いいか、すべーてのことは神様の言うに言われぬ復帰の心情の解放のためだというんだね。
これからの摂理はだんだんアメリカが重要になってくるだろう。
世界摂理の中心がアメリカになり、そうなればわしも拠点を移すんだ、そして、」
彼は口先でどうにでもなる上手いことを、ピロートークで次々に繰り出した。

崔淳華は目を閉じたままで尋ねた。
「鶴子さんたちはどうなりますの?」

「レアの鶴子と子供らは、韓国におればいいさ。
真の母にはそう簡単になれるものでないことは最初から言ってある。
今回の、きみを通して息子を得る計画のことも告げて来た。
気になるだろうが、元はと言えば、きみの姉さんが裏切ったから、こういうことになったんだ。

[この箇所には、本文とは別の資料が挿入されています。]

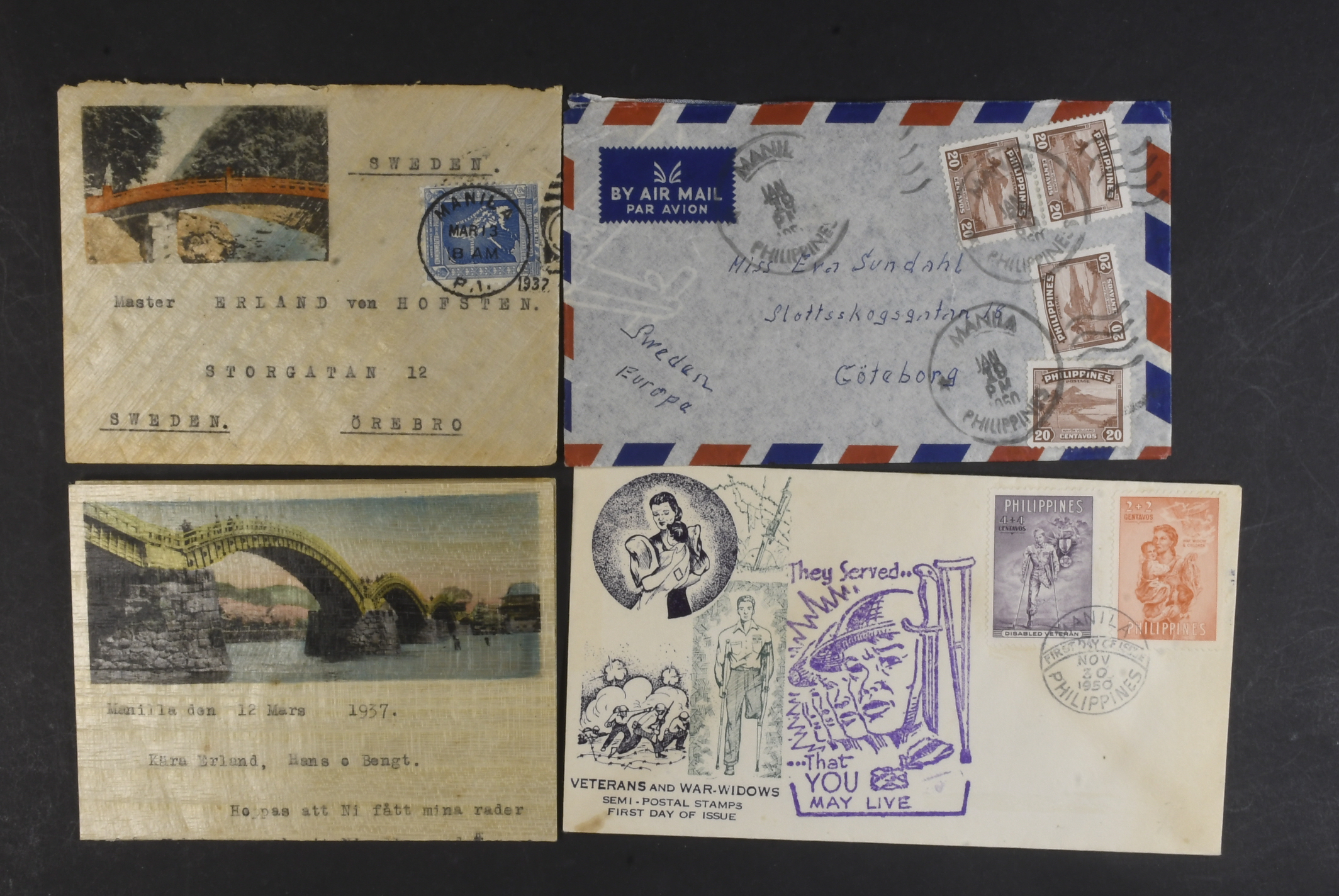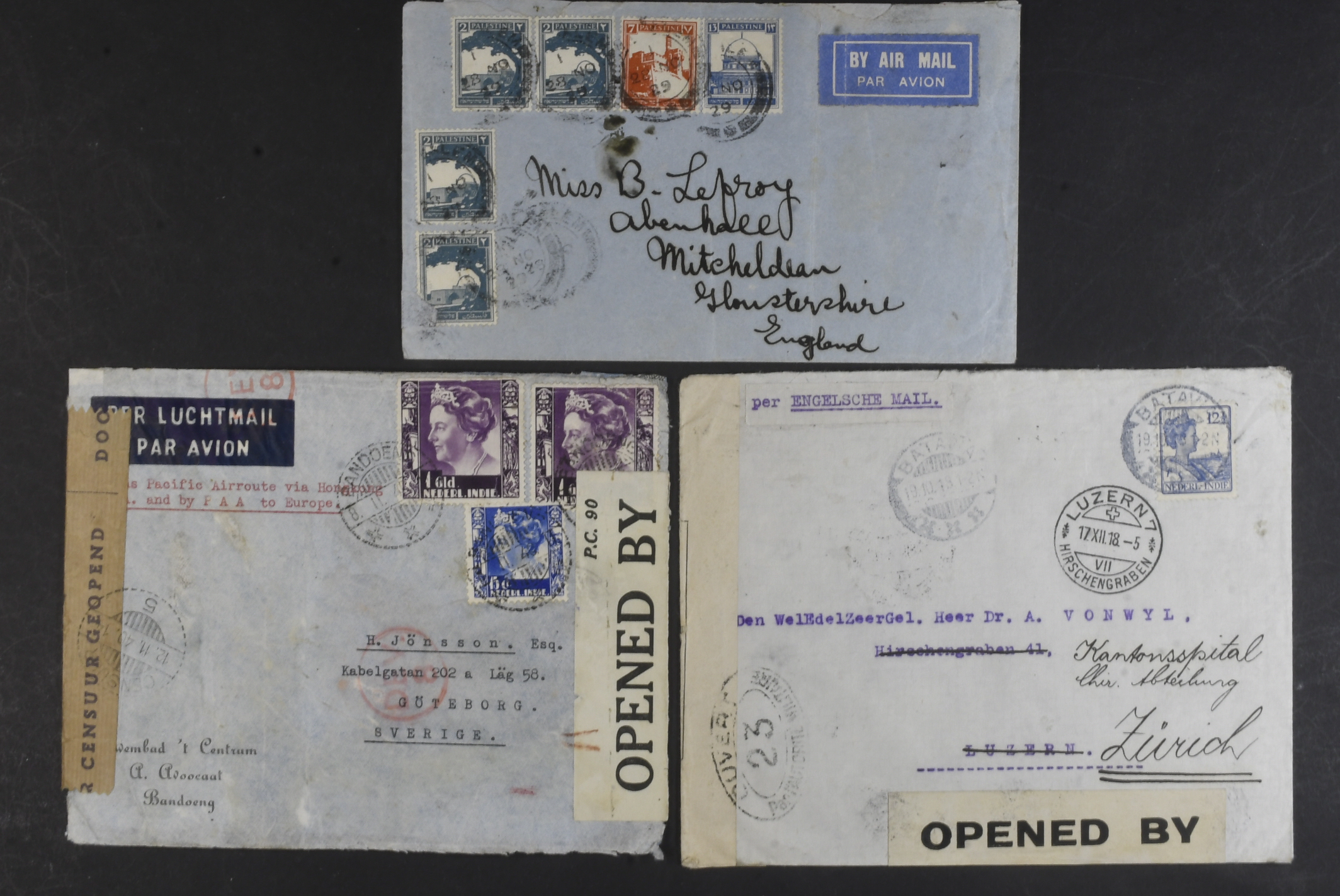 Dutch East Indies. Covers. Also Palestine and the Philippines. Interesting mix. The entire lot is presented at www.philea.se. (6)
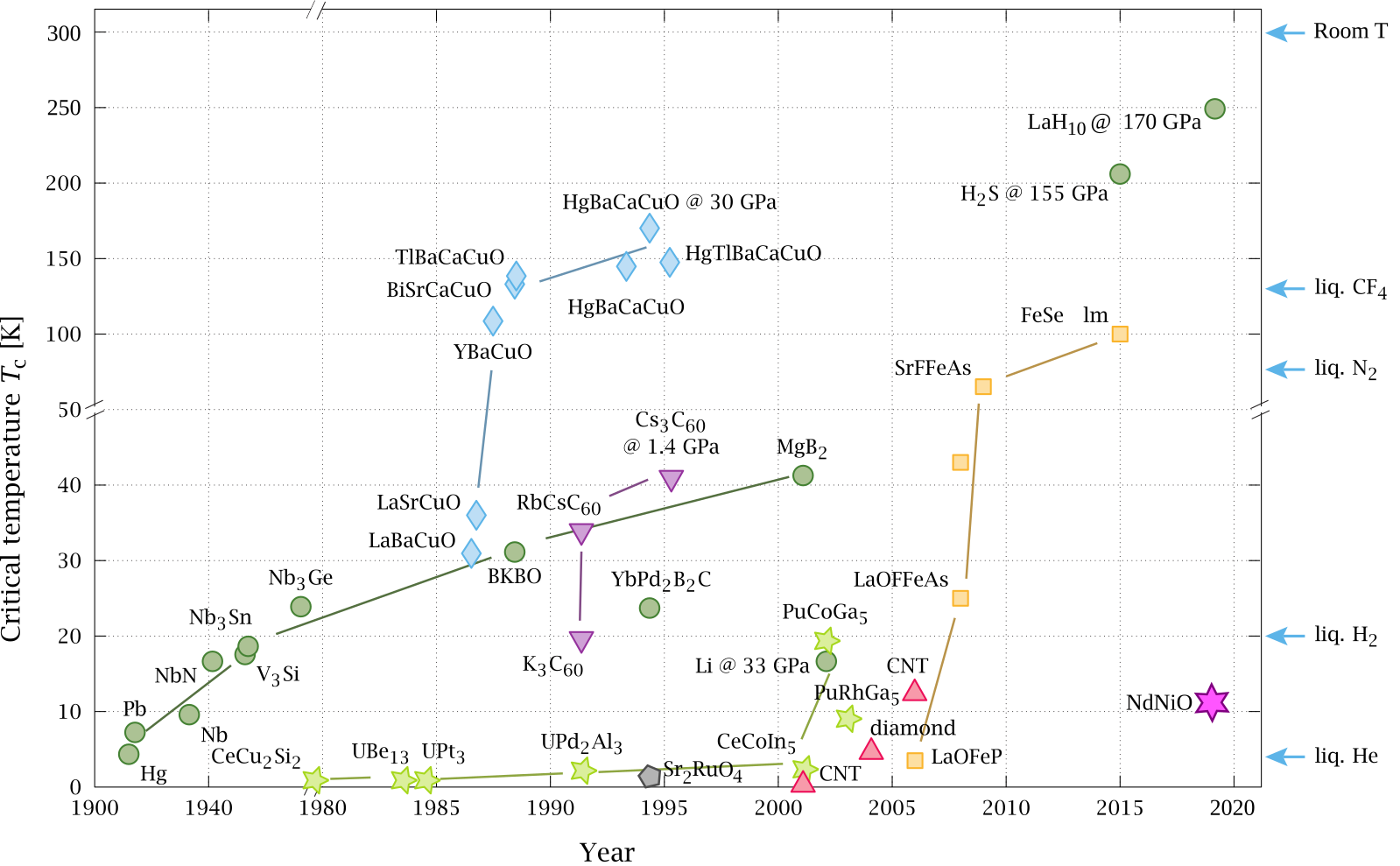 Overview of different superconductors discovered from 1911 to 2015. Different colours and symbols refer to different class of materials. Cuprates are light blue rhombohedra, Iron Pnictides are yellow squares. In some cases, pressure is specified.[PJRay, CC BY-SA 4.0 , via Wikimedia Commons]
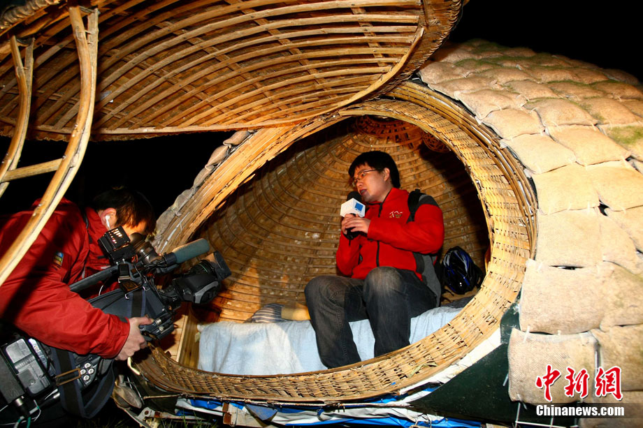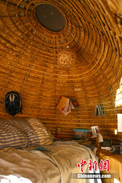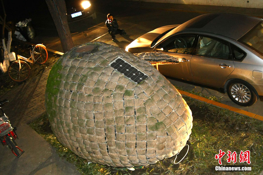 近日,來(lái)自湖南的24歲青年戴海飛在北京市海淀區(qū)成府路的一個(gè)大院里,搭起一個(gè)“蛋形”小屋,作為自己的蝸居。小屋兩米多高,“蛋殼”上有一個(gè)橢圓形的小門(mén),沒(méi)有鎖。小屋的下邊裝有輪子,可以挪動(dòng)。小屋引起了多家媒體的高度關(guān)注,2日深夜有大批的記者來(lái)到小屋采訪,而戴海飛卻不知因何一直沒(méi)有露面,直到深夜11點(diǎn)多,也沒(méi)有回到小屋。中新社記者 富田 攝
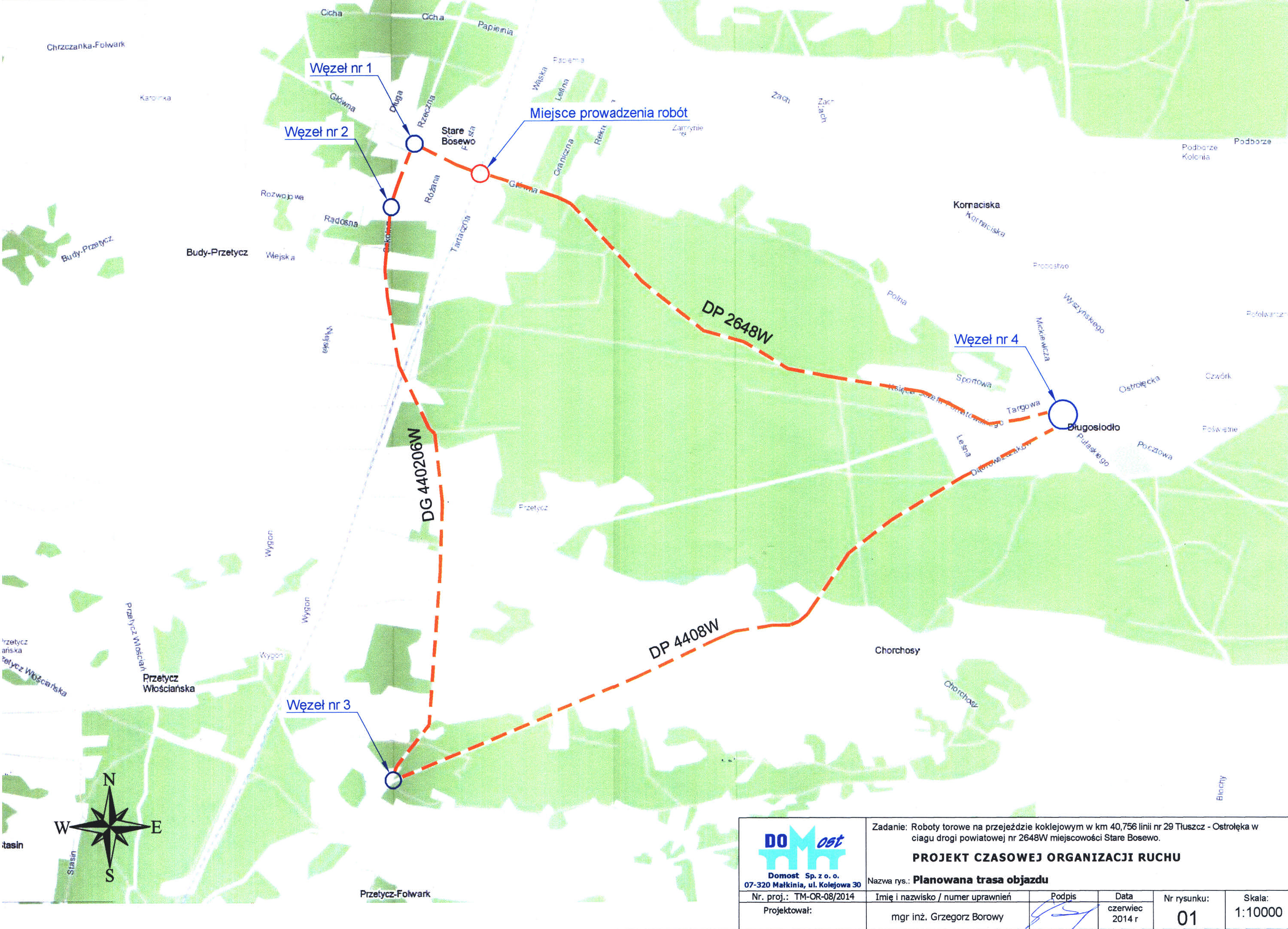 W związku z remontem przejazdu kolejowego na przecięciu drogi powiatowej Nr 2648W i linii kolejowej Nr 29 Tłuszcz - Ostrołęka (ul. Główna w miejscowości Stare Bosewo) przewiduje się zamknięcie dla ruchu drogi w obrębie miejsca robót.

わしはラケルであるきみのもとで居を構え、それが本然の真の父母、真の家庭となるんだ。
崔家には重要な使命があると最初から言ってるだろ? 
きみのお母さんの得三さんが鶴子をうまくいい含めてくれるだろう。
崔家が立たなくては世界摂理はうまく進まない。
だからね、淳華、おれの息子をたくさん生んでくれよッわ〜ッ」
彼はそこで何度目かに果てて、その日はそれっきりになった。